通行制限が行われている可能性があり、制限が行われていなかったとしてもひどい渋滞が発生している可能性が高く、状況によっては引き返すことになるのを覚悟して国道45号を進みます。
よって、もしかしたら戻ってこなければならないことも考えながら国道45号を進みます。
途中、昨年磯ラーメンを食べた「ドライブインからくわ」が見えました。
高台に建っているので津波の被害は受けずに済んだようです。
ドライブインからくわを横目に見ながらそのまま進んでいくと、特に渋滞にも遭遇することなく陸前高田市に入ったことを示す看板を通過。
そこから少し行くと展望台のような駐車場があったので、車を停めてそこからの景色を眺めると、
長部漁港の方面が見渡せますが、そこに生活の痕跡は殆ど残っておらず・・・、
何の工場であったのかすら予想だにできません。。。
再び出発すると、すぐに「これより、津波浸水想定区域」と書かれた看板が見えました。
それを通過するとすぐに気仙中学校の建物が見え、3階建ての最上階までガラスが全て外れ、まるでこれから解体を待つ建物のような状態になってしまっていました。
そして中学校の裏手から先は見渡す限り家の土台と散乱する瓦礫のみしか見えない光景に切り替わりました。
この状況から、看板に書かれていたことが結構正確だったことが分かります。
この辺りは気仙町という地域で、陸前高田市の市街地のやや東側を流れる気仙川の更に東岸になります。
その先で国道は右折して気仙川にかかる気仙大橋を渡るのですが、ここは直進するようにと指示が出ていました。
指示に従って直進すると更にその先の路地を左折するよう指示が出ていました。
住宅と思われる建物の上に乗り上げてしまった車。
壁が流されているのに、中の食器棚や食卓などはそのままになっていて、生々しい生活の痕跡を感じました。
印象が強かったので思わず撮影してしまったものです。
その先は主に田んぼになるのですが、流されてきた建物、車、船などが至る所に散乱しています。
山肌に沿って回り込む道路の脇に生える木々の上のほうに、布などが引っかかったままになっています。
これは言うまでも無く、少なくともこの高さまで津波の水位が来たことを意味するわけです。
突然、目の前の道が大きく迂回しているところがありました。
砂利道で土手を回り込むように進むと、それまで通ってきた道が削り取られ、途中で途切れてなくなってしまっていました。
海側から気仙川に沿ってだいぶ内陸の方まで進んできましたが、一向に市街地側へ渡ることが出来ません。。。

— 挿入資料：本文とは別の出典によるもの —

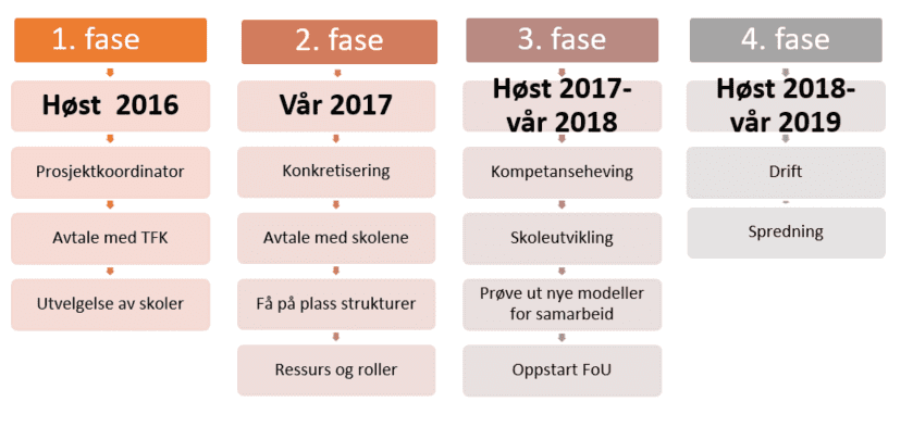 Høsten 2013 bestemte styringsgruppa at det var ønskelig å videreføre prosjektet i en fase 2 for perioden 01.01.14 – 31.12.17 med utvidelse til 8 skoler. Her var det en noe enklere søknadsprosess uten ekstern vurdering. Følgende nye skoler ble valgt:

このままでは市街地を抜けてしまうと思って、一旦折り返してみることにしました。
田んぼの中に打ち上げられた漁船。
河原に取り残されたアパートの2階部分。
その先で緑色の物体が横たわっていました。
よく見ると橋の残骸のようです。
ほかにも所々に橋の残骸が点在していました。
その先で一旦さっき来た道にぶつかりすぐにまた別れています。
そのたもとの看板に「8の字通行にご協力をお願いします。」と書かれていました。
気仙町付近も道幅が狭いところが多く、大型車のすれ違いなどに難があるということで、川沿いの道と集落内を抜ける道がそれぞれ左側通行の一方通行になっているようです。
更に進んでいくと、姉歯橋のたもとに出ました。
左側の姉歯橋は流失して橋脚のみが残されていました。
後で調べてみたのですが、上の写真の橋の残骸は、色からしてどうやら姉歯橋のようです。
ネットで距離を計測してみたところ、残骸があった場所までは800mも離れていました。